### Records provided

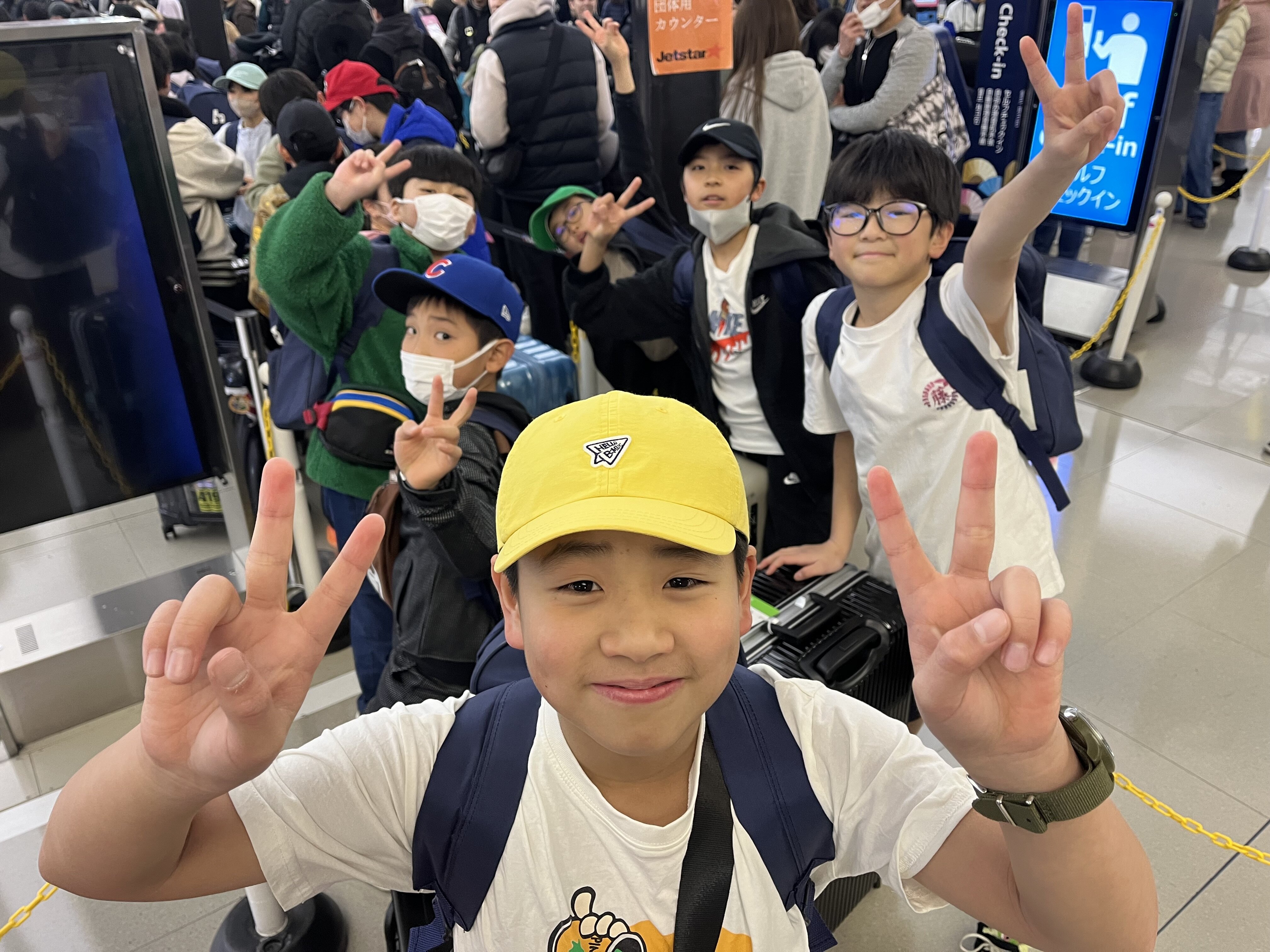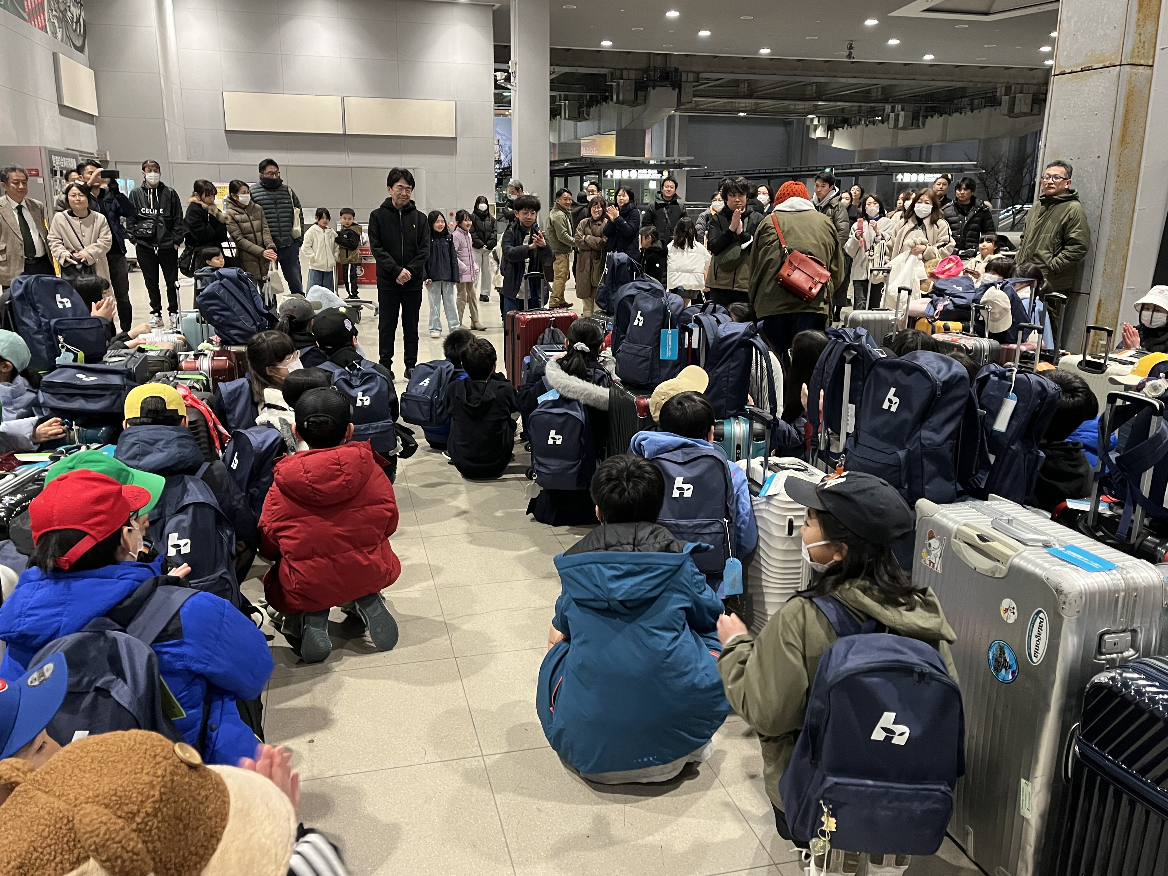 2026/02/085年 いよいよ出発です! 子どもたちが楽しみにしていた修学旅行の日を迎えました。 寒い中、たくさんの保護者の方に見送られ、元気に出発しました。 全員、無事に出国手続きを終えました。 今から、飛行機に搭乗します。 寒い中、お見送りに来ていただきありがとうございます。 いってきます!
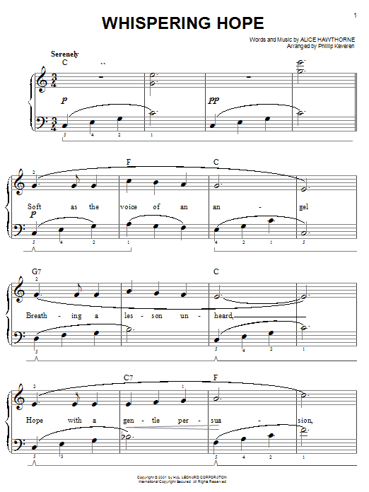 Download or print Alice Hawthorne Whispering Hope (arr. Phillip Keveren) sheet music, chords and digital score arranged for Easy Piano. This Folk score includes 4 page(s).
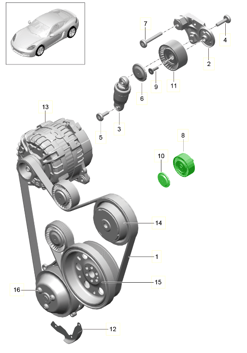 Dies ist ein direkter Ersatz für den Original-Antriebsriemen der Porsche 718 Boxster- und Cayman-Modelle mit 2,0 l. Er umschließt mehrere Riemenscheiben, darunter die Kurbelwellenriemenscheibe, den Generator, die Wasserpumpe, die Servopumpe und den Klimakompressor.
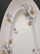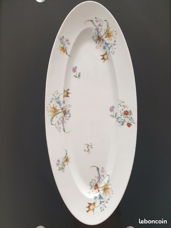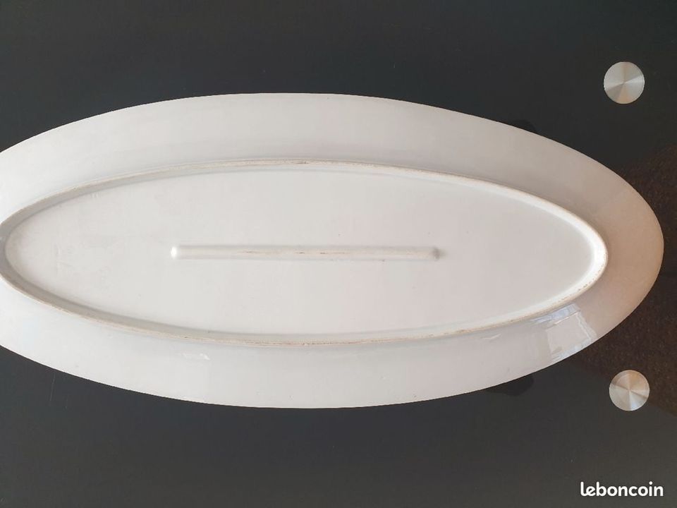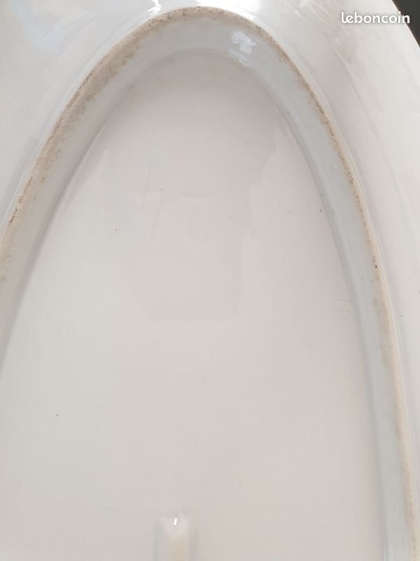 Très grand plat à poisson ancien du 19 ème siècle en porcelaine épaisse de Paris.
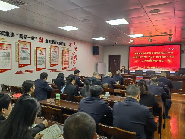 为深入学习贯彻习近平总书记在党的二十届三中全会上的重要讲话精神,11月4日至11日,国家粮食和物资储备局湖南局三三五处开展科级及以下干部、党员学习贯彻党的二十届三中全会精神集中培训。11月14日召开支部大会,党员干部围绕“如何将党的二十届三中全会精神粮储工作中”,结合粮储工作实际,对如何在工作中贯彻这些原则进行了深入的思考和讨论。
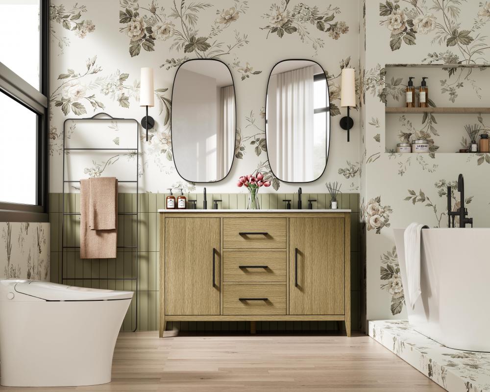 The minimalist flat door panels create a sleek, modern appearance, perfect for blending into transitional and contemporary bathroom designs.
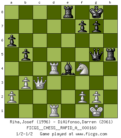 Last move : 1/2-1/2 2014 May 25 21:33:32 [Event "FICGS__CHESS__RAPID_A__000160"] [Site "FICGS"] [Date "2014.04.26"] [Round "1"] [White "Riha,Josef"] [Black "DiAlfonso,Darren"] [Result "1/2-1/2"] [WhiteElo "1996"] [BlackElo "2061"] 1.e4 e5 2.Nf3 Nc6 3.Bb5 a6 4.Ba4 Nf6 5.O-O Be7 6.Re1 b5 7.Bb3 d6 8.c3 O-O 9.h3 Bb7 10.d4 Re8 11.Ng5 Rf8 12.Nf3 Nd7 13.Nbd2 exd4 14.cxd4 Re8 15.Nf1 Na5 16.Bc2 Bf6 17.N1h2 c5 18.Ng4 cxd4 19.Nxd4 Bxd4 20.Qxd4 Rc8 21.Qd1 h5 22.Ne3 Nf6 23.b3 Nxe4 24.Bxe4 Bxe4 25.Qxh5 Nc6 26.Bb2 Ne5 27.Bd4 Bg6 28.Qe2 Nd3 29.Red1 Nf4 30.Qf3 Re4 31.Rd2 d5 32.Rad1 Rc6 33.Be5 Nxh3+ 34.Qxh3 Rxe5 35.Nxd5 Rh5 36.Qg3 Rc2 37.Rd4 Re2 38.Qf3 Re8 39.Qc3 Qg5 40.Nf4 Be4 1/2-1/2 Ruy Lopez : Closed Kingside Castling by player White (move 5) Kingside Castling by player Black (move 8) This chess game ended in a draw. Follow this game move after move (download)Tactics flow from a superior position. (Bobby Fischer) Es liegt in der Natur, vernüftig zu denken und unlogisch zu handeln. (Anatole France) La esencia del Ajedrez es pensar acerca de lo que el Ajedrez es. (David Bronstein) Même si l'adversaire joue le coup analysé précédemment, recommencez l'analyse en voyant la nouvelle position. Première règle de Blumenfeld Whenever people agree with me, I always feel I must be wrong. (Oscar Wilde)
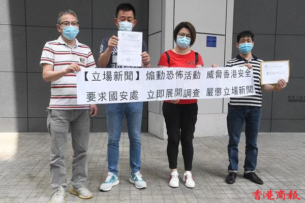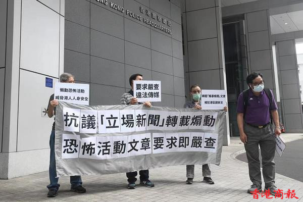 「的士司機從業員總會」致信總警,要求國安處立即展開調查,嚴懲「立場新聞」。亦有市民抗議「立場新聞」轉載煽動恐怖活動的文章,斥其「播毒」禍港,威脅港人人身安全,強烈要求警方嚴正執法,撲滅禍港「獨報」。(記者 蔡啟文攝)
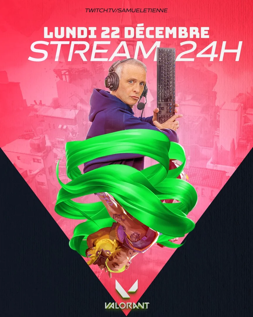 Samuel Etienne célèbre ses 5 ans sur Twitch avec un marathon Valorant de 24 heures non-stop.Where to watch
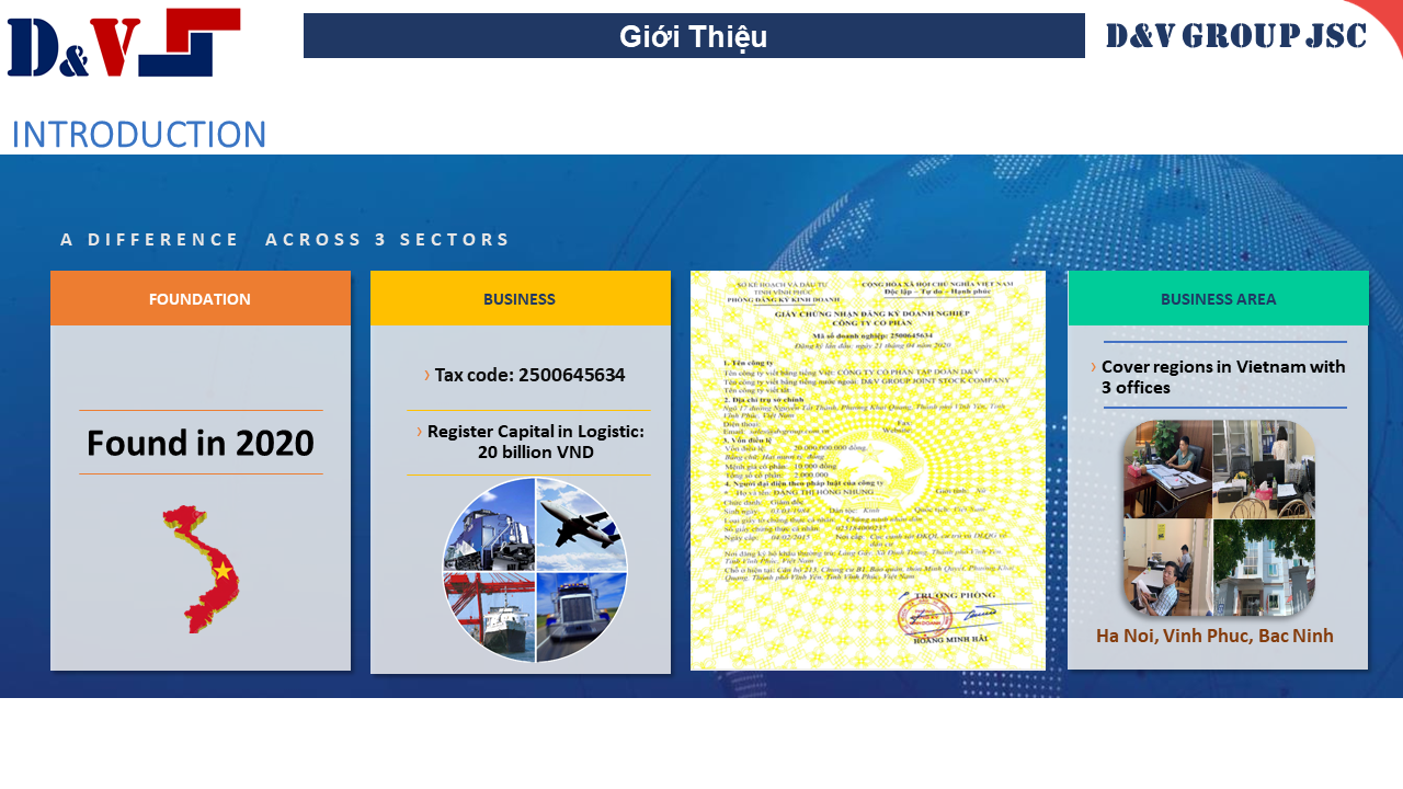 Công Ty Cổ Phần Tập Đoàn D&V là đơn vị chuyên cung cấp các dịch vụ khai báo hải quan, vận tải, vận chuyển hàng hóa trong nước và quốc tế. Là doanh nghiệp trẻ khởi nghiệp theo xu thế hội nhập chung của nền kinh tế thị trường, Công Ty Cổ Phần Tập Đoàn D&V rất mong có được sự tin tưởng của Quý khách hàng trong việc lựa chọn sử dụng và giới thiệu dịch vụ. Cùng với những nỗ lực đóng góp không ngừng của các cán bộ, công nhân viên trong công ty, Công Ty Cổ Phần Tập Đoàn D&V mong muốn tạo ra và khẳng định thương hiệu với bản sắc riêng, đồng thời qua đó đóng góp một phần sức lực vào quá trình hội nhập quốc tế của đất nước trong các lĩnh vực:
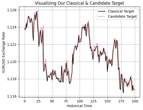 plt.plot(data.iloc[0:200,-14],color='black') plt.plot(data.iloc[0:200,-13],linestyle=':',color='red') plt.grid() plt.ylabel('EURUSD Exchange Rate') plt.xlabel('Historical Time') plt.title('Visualizing Our Classical & Candidate Target') plt.legend(['Classical Target','Candidate Target'])

######

→ What to do
Please quote exactly the run of lines that starts the entries and ends at the line containing "The minimalist flat", leaving out every picture.

→ Output for this exercise
 2026/02/085年 いよいよ出発です! 子どもたちが楽しみにしていた修学旅行の日を迎えました。 寒い中、たくさんの保護者の方に見送られ、元気に出発しました。 全員、無事に出国手続きを終えました。 今から、飛行機に搭乗します。 寒い中、お見送りに来ていただきありがとうございます。 いってきます!
 Download or print Alice Hawthorne Whispering Hope (arr. Phillip Keveren) sheet music, chords and digital score arranged for Easy Piano. This Folk score includes 4 page(s).
 Dies ist ein direkter Ersatz für den Original-Antriebsriemen der Porsche 718 Boxster- und Cayman-Modelle mit 2,0 l. Er umschließt mehrere Riemenscheiben, darunter die Kurbelwellenriemenscheibe, den Generator, die Wasserpumpe, die Servopumpe und den Klimakompressor.
 Très grand plat à poisson ancien du 19 ème siècle en porcelaine épaisse de Paris.
 为深入学习贯彻习近平总书记在党的二十届三中全会上的重要讲话精神,11月4日至11日,国家粮食和物资储备局湖南局三三五处开展科级及以下干部、党员学习贯彻党的二十届三中全会精神集中培训。11月14日召开支部大会,党员干部围绕“如何将党的二十届三中全会精神粮储工作中”,结合粮储工作实际,对如何在工作中贯彻这些原则进行了深入的思考和讨论。
 The minimalist flat door panels create a sleek, modern appearance, perfect for blending into transitional and contemporary bathroom designs.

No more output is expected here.